# Bridgeport Mill With Dro



## Groundhog (Nov 17, 2016)

from the ad;
*Description*
Bridgeport Milling machine, 1HP motor, can be wired 208/460V three phase. Step pulley head. R8 spindle. Comes with power draw bar, power feed, Sony DRO. Machine has been disassembled to install oversize gibs. The purchaser will have to reassemble the machine. Cashco can load. Contact Phil Sheridan 785-472-4461 x126, phils@cashco.com, weekdays between 7-3:30. Can be seen by appointment.

This is in Ellsworth, Kansas (right in the center of the state)
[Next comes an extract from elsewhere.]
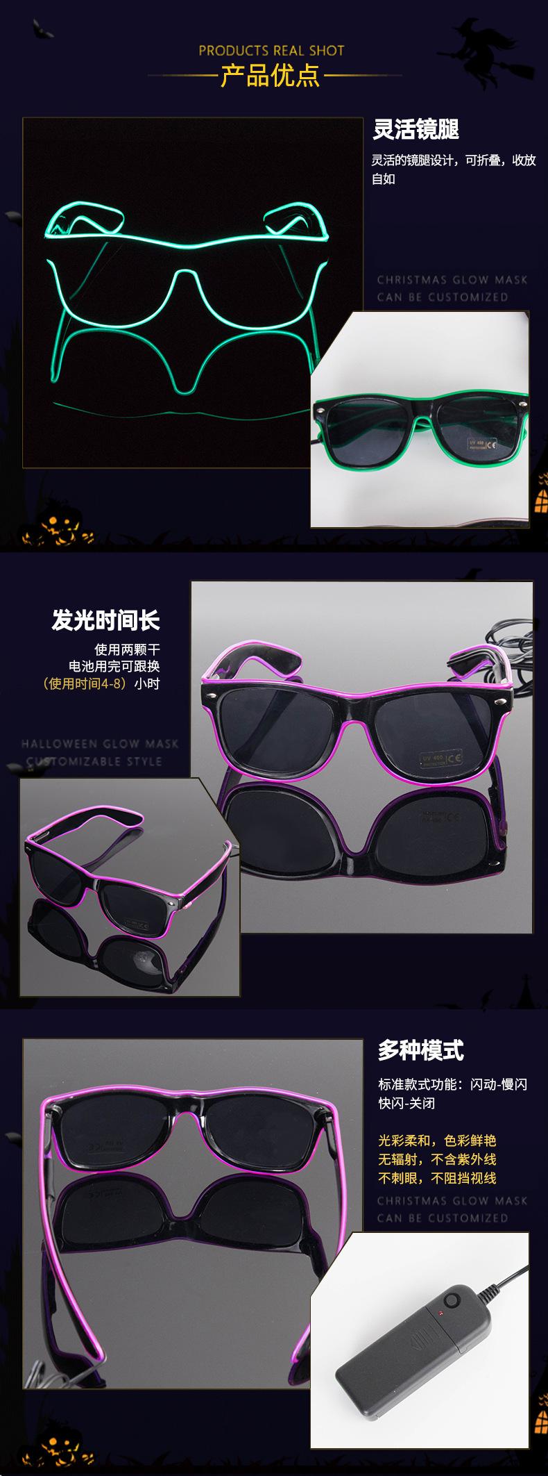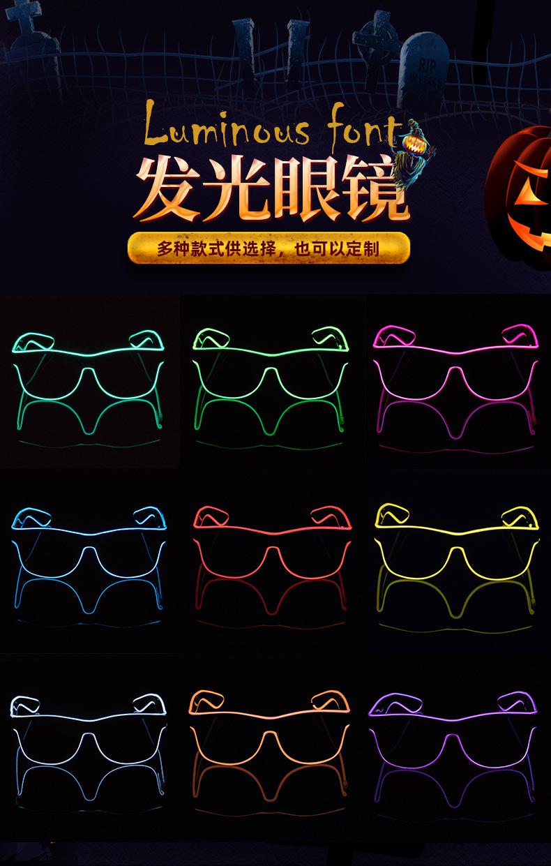 Venta al por mayor en stock, gafas de luz fría EL, gafas LED, decoración de Halloween, bar, fiesta, gafas geniales y brillantes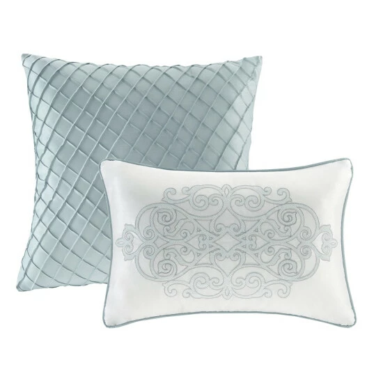 The Madison Park Anouk 12 Piece Bedding Collection provides a rich update to your master bedroom. Its jacquard woven fabrication has a three dimensional affect giving this decorative design life. Three decorative pillows with embroidery and fabric manipulation details work with the two euro shams for a completely new look for your bedroom. A 100-percent cotton sheet set including two standard pillowcases, flat sheet and fitted sheet are also included in this set.

http://www.nextechclassifieds.com/listings/1303899/

$1,750 or best offer. (not much demand in central Kansas so you might be able to get it cheap?)


----------



## chips&more (Nov 17, 2016)

Groundhog said:


> View attachment 139535
> 
> 
> from the ad;
> ...



At least the seller could be honest? That’s a project that’s not fun to do and probably will not have a great outcome unless you scrape the dovetail(s) as well.


----------



## Groundhog (Nov 17, 2016)

Good call CH. I just scanned the ad and musta skipped over the "oversized gibs" part. I saw the disassembled but missed the rest!


----------